PNDH é, para a esquerda, o que foi a Carta ao Povo Brasileiro para a direita, diz cientista político

Para Antonio Augusto de Queiroz, assessor do Departamento Intersindical de Assessoria Parlamentar (Diap), decreto é uma forma de sinalizar limites a concessões de eventual governo Dilma

A ministra-chefe da Casa Civil, Dilma Rousseff, durante o lançamento da terceira edição do Programa Nacional de Direitos Humanos, em dezembro. Sinalização à esquerda (Foto: Roosewelt Pinheiro/Agência Brasil)

O decreto assinado pelo presidente Luiz Inácio Lula da Silva no final de dezembro que estabelece o terceiro Programa Nacional de Direitos Humanos (PNDH-3) tem, na visão de Antonio Augusto de Queiroz, assessor do Departamento Intersindical de Assessoria Parlamentar (Diap), função semelhante à que teve a “Carta ao Povo Brasileiro” na campanha de 2002. Mas em vez de o alvo ser os setores ligados ao mercado, a finalidade do documento, desta vez, são movimentos e segmentos de esquerda.

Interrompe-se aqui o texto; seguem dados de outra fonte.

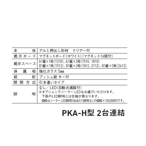 [外寸法]W3038mm×H1262.5mm[提示有効寸法]W1:1396mm×H1:1093mm [重量]91kg [本体]アルミ押出し形材 クリアー付 購入に関する注意事項 ・電気工事が必要な場合、必ず電気工事店へ依頼してください。 ・納期:お問い合わせください。 ・オプション(有料)でソーラー LED(外付タイプ)もお選びいただけます。 特長 シンプルな引き違いタイプで、スペースに合わせ各サイズの壁付連結が可能です
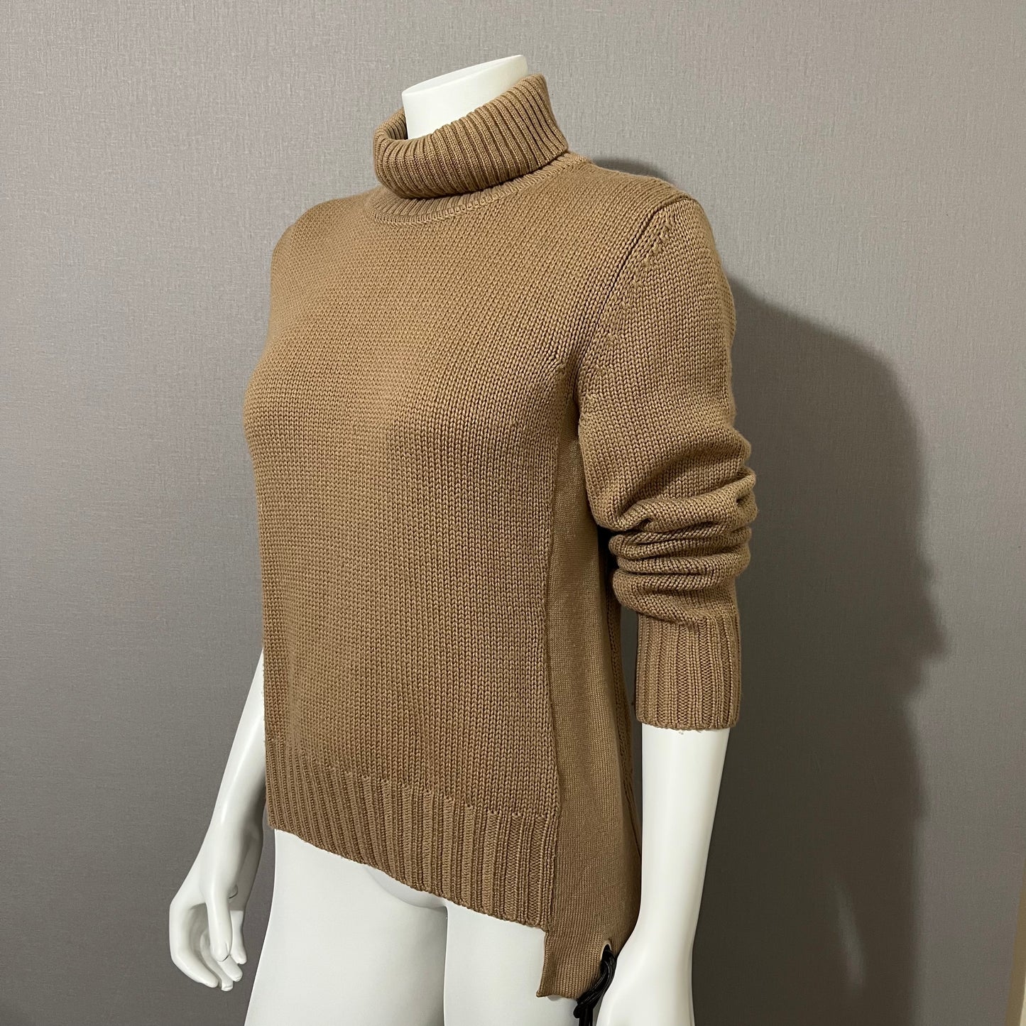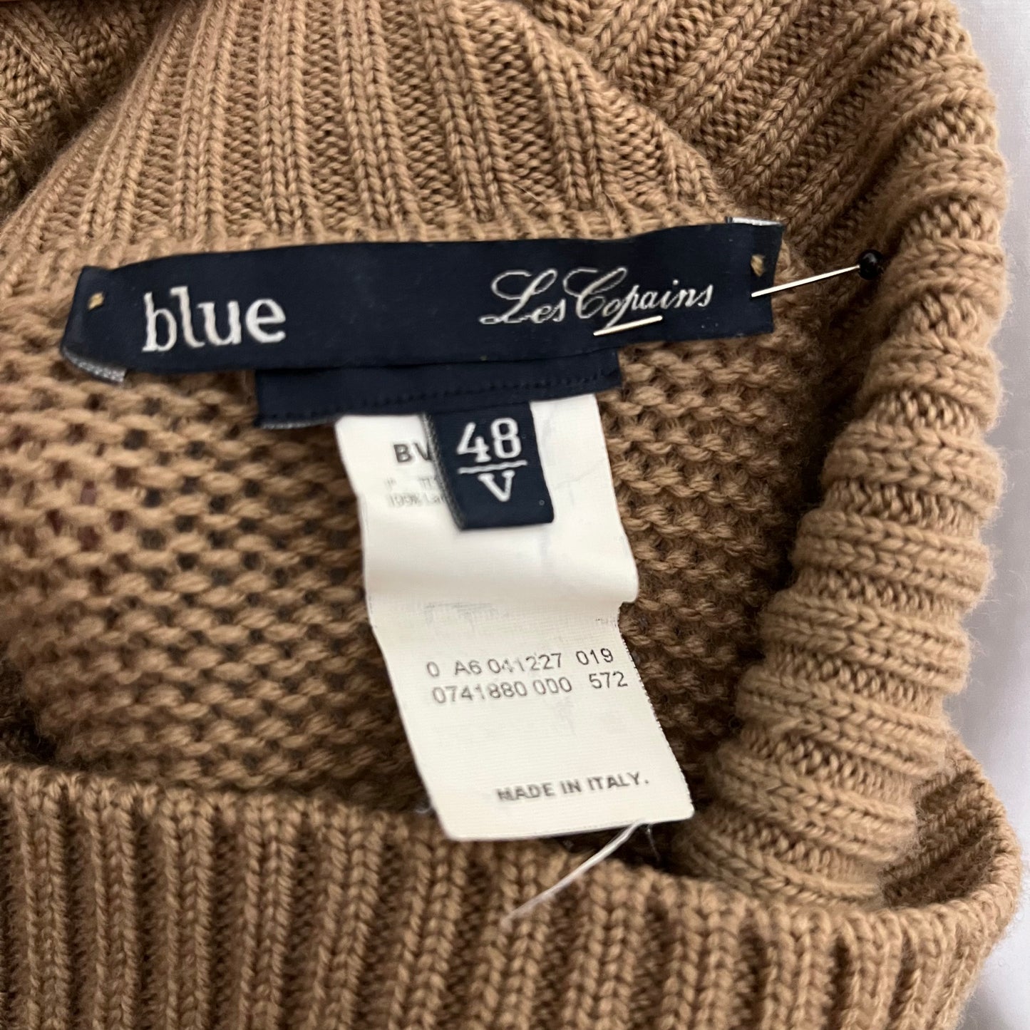 Details: Blue 100% lana wool camel tan turtleneck high low sweater, Gently used condition, please see photos for flaws! Please look through all photos for any flaws to verify the condition. Major flaws will be disclosed.

“Esse decreto do Programa Nacional de Direitos Humanos é uma forma de o governo sinalizar para um setor mais à esquerda que criticava seriamente as concessões do governo à direita”, analisa Queiroz. “O Programa de Direitos Humanos é, para a esquerda, o que foi a ‘Carta aos Brasileiros’ para a direita. Podemos fazer esse contraponto”, compara.

Em junho de 2002, o então candidato à Presidência Luiz Inácio Lula da Silva publicou um compromisso de não romper contratos nem promover mudanças radicais na economia. A “Carta ao Povo Brasileiro” pregava mudanças e rejeitava ‘qualquer forma de continuísmo, seja ele assumido ou mascarado’. Mas, ao mesmo tempo, prometia ‘transição’ e ‘respeito aos contratos e obrigações do país’. Um recado claro de que não haveria radicalismos na condução da economia.

Agora, na visão de Queiroz, o PNDH-3 cumpre função análoga diante da almejada aliança do PT com o PMDB. “É uma forma de (o governo) dizer que, mesmo com o pessoal do PMDB vindo para a aliança, vão ser trabalhadas algumas bandeiras nessa linha mais à esquerda”, avalia.

Fruto de discussões a partir da 13ª Conferência Nacional de Direitos Humanos e continuidade das duas edições anteriores – de 1996 e 2002 –, o PNDH-3 foi assinado no dia 21 de dezembro. Provocou reações de diferentes setores. Ruralistas, militares, membros da Igreja Católica e de grupos evangélicos, além de segmentos conservadores da sociedade criticaram o que consideram exageros provocados por um olhar esquerdista.

Diretrizes relacionadas à Comissão de Justiça e Verdade, à revisão da Lei de Anistia, à defesa de direitos de gênero, reprodutivos e ligados à diversidade – e questões sensíveis como aborto, união e adoção por casais homoafetivos etc. – despertaram duras críticas. O texto foi revisado e uma nova versão foi publicada no dia 14 de janeiro.